Curie brothers discovered when AC is applied to certain crystals they expand
and contract, causing the crystals to vibrate, in response to the electrical field.
The electric energy (AC) is converted to mechanical energy in the form of an
ultrasound wave. The sound bounces off the anatomy and is returned to the
crystals and they start to vibrate again. This is when the mechanical energy is
converted back into electrical energy. The transmitting and receiving crystals are
built into the same handheld device.
What is this handheld device called?
Answer: transducer
Once US waves are produced they are directed into the body. They travel thru
the body until striking a tissue barrier that reflects the sound waves back to the
transducer: they are called echoes.
Acoustic impedance: sound impedance
Impedance delays or prevents the progress of the acoustic waves from being
transmitted thru a medium.
Ultrasound has properties very similar to light:
1) Focused with a smaller transducer
2) Refracted: US signal is deflected from a straight path and the angle of the
deflection is away from the transducer
3) Reflected: US signal is reflected back toward the transducer
4) Scatter: tissue boundaries are less than the wavelength of US
wavelengths. This is the most common cause of scattering. Blood is the
most common anatomy that causes scatter. This is because blood has a
wavelength 20 times less than US wavelength.
What is the velocity of sound?
Answer: Sound is vibration that travels thru a medium (anatomy) as a wave.
Velocity describes how far the wave will travel in a given amount of time.
The way in which the US responds when it comes into contact with anatomy is
dependent on the density of the anatomy.
US travels faster or has an increased velocity when traveling through water in
comparison to air.
If we know US travels faster in water what can we deduce when we are trying to
determine whether US travels faster thru fat or bone? Explain?

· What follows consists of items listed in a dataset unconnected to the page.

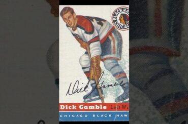 Un examen plus approfondi de la carte de hockey NHL 1954-55 O-Pee-Chee 1 avec Dick Gamble des Blackhawks de Chicago.…
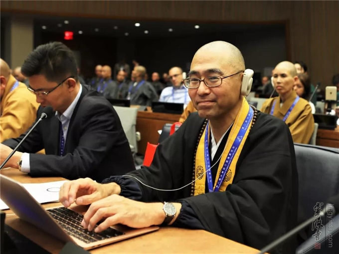 On the morning of October 12 local time, the 2019 China-US-Canada Buddhist Forum was grandly held at UN headquarters in New York, the United States. Nearly 500 people, including the religious and spiritual leaders from the Buddhist communities in China, the US and Canada and representatives from all over the world gathered together to attend the forum. The Vice-President of the Buddhist Association of China Venerable Master Yanjue, the President of the American Buddhist Confederation Venerable Master Mingyu, the President of the Buddhist Association of Canada Venerable Master Dayi all delivered a speech at the opening ceremony.
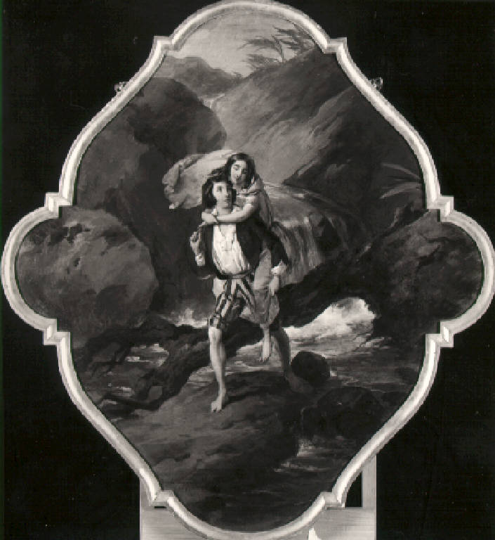 Paolo con i calzoni rimboccati sopra il ginocchio guada un fiume vorticoso portando sulle spalle Virginia, dietro loro un albero sradicato giace di traverso.
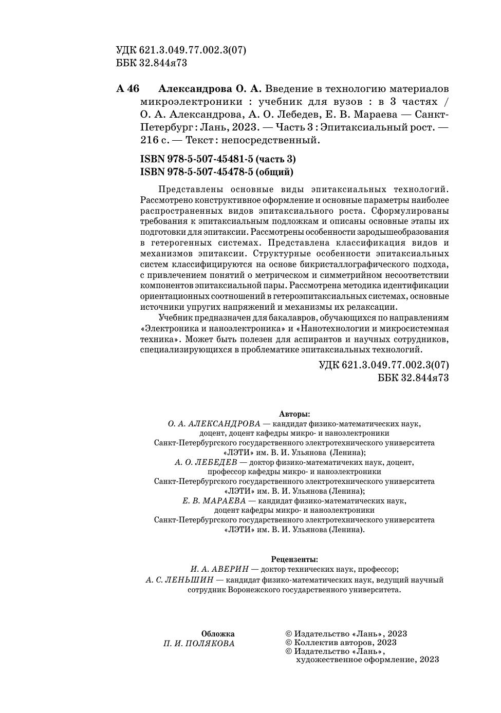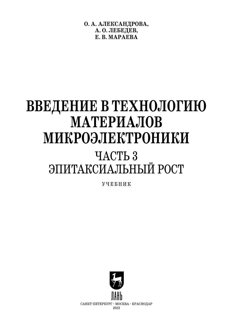 Введение в технологию материалов микроэлектроники. В 3 частях. Часть 3. Эпитаксиальный рост Александрова О. А., Лебедев А. О., Мараева Е. В.
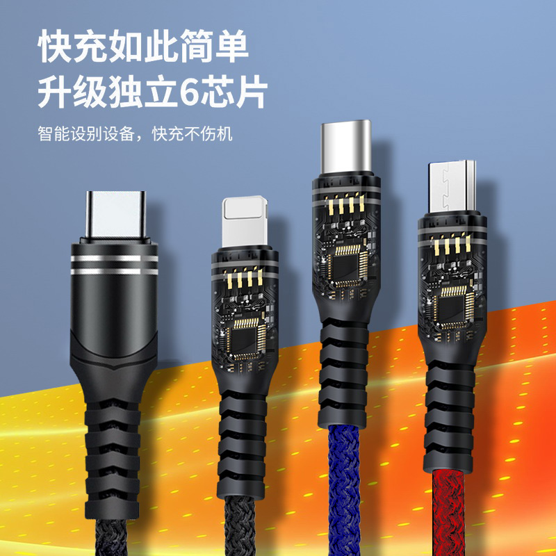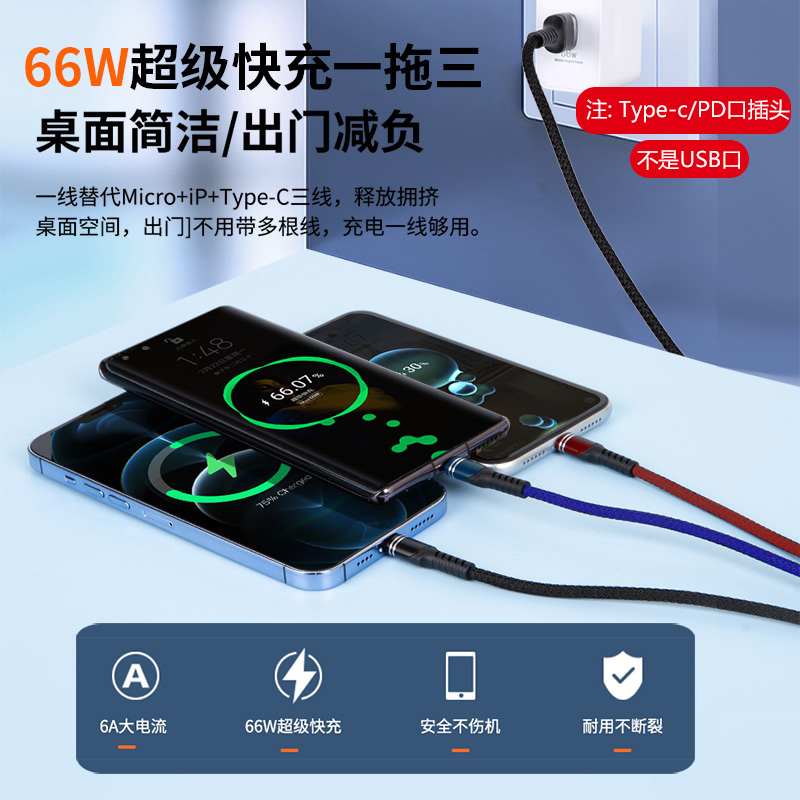 6a data cable three-in-one 5a super fast charge pd one-to-three car car mobile phone universal three-head fast-charge charging cable flash charge multi-head function suitable for Apple Huawei tpyec Android
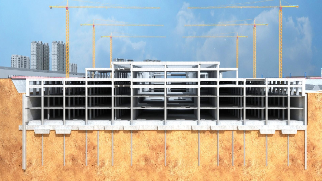北京城市副中心站综合交通枢纽属于超大、超深、超宽地下工程,施工技术复杂、工程风险高,面对地铁、道路、重要管线密布的施工环境,项目团队打破常规,采用盖挖逆作法施工桩基及顶板施工后再向下逐层开挖,有效加快施工进度,提升整体安全性,副中心站作为一座全地下高铁站房,地下一层是进站层,地下二层是候车厅,所有铁路站台都在地下三层,本次完成的底板封闭是将站房最底部结构封住,使32.9米的深基坑完全处于安全稳定状态,相当于常规高铁站的主体结构封顶,后续将进行站台及风道施工。
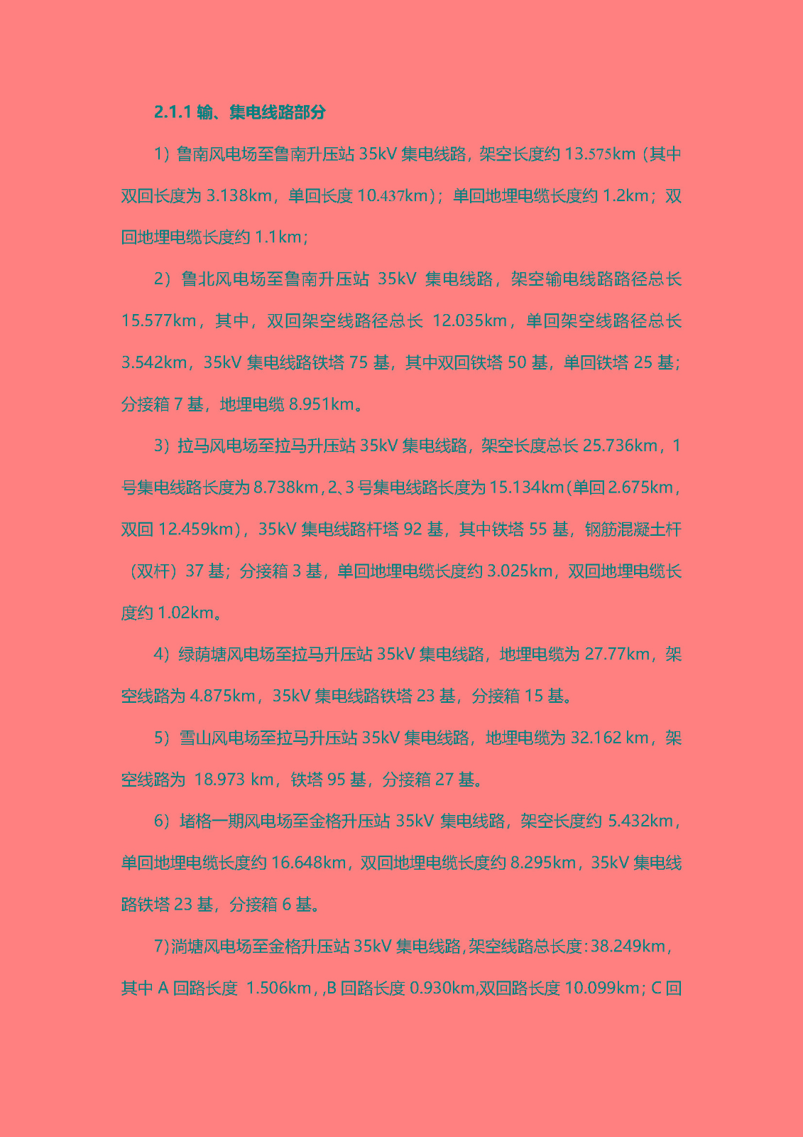 3)拉马风电场至拉马升压站35kV集电线路,架空长度总长25.736km,1号集电线路长度为8.738km,2、3号集电线路长度为15.134km(单回2.675km,双回12.459km),35kV集电线路杆塔92基,其中铁塔55基,钢筋混凝土杆(双杆)37基;分接箱3基,单回地埋电缆长度约3.025km,双回地埋电缆长度约1.02km。
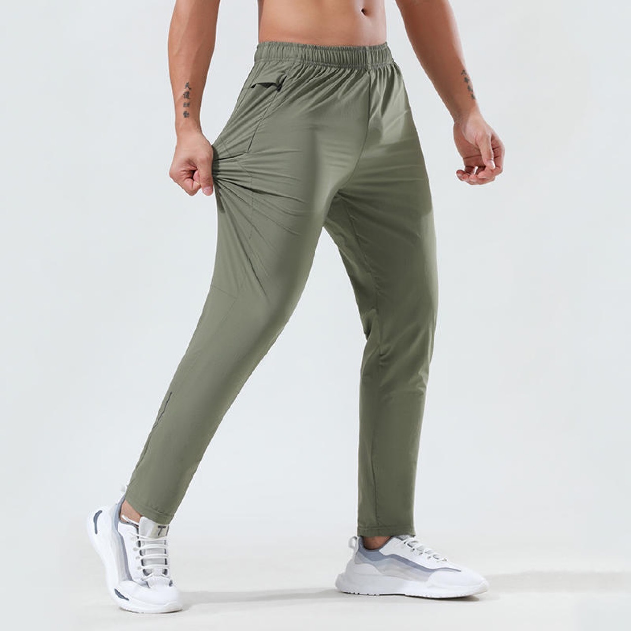 LULU 스포츠 빠른 건조 바지 남자의 느슨한 여름 얇은 얼음 실크 야외 달리기 피트니스 요가 레저 훈련 바지

Answer: The higher the atomic number of the material the faster US passes thru
a given medium.
The sound waves returned are picked up by the computer to make images. The
intensity and pitch images produces images. The computer uses this data to
calculate depth and speed.
There are many types of transducers with varying frequencies and shapes
depending on the body part to be imaged. First lets do a review on the
realationship between wavelength and frequency.
How are frequency and wavelength related in x-ray?
Answer: Frequency increases wavelength decreases.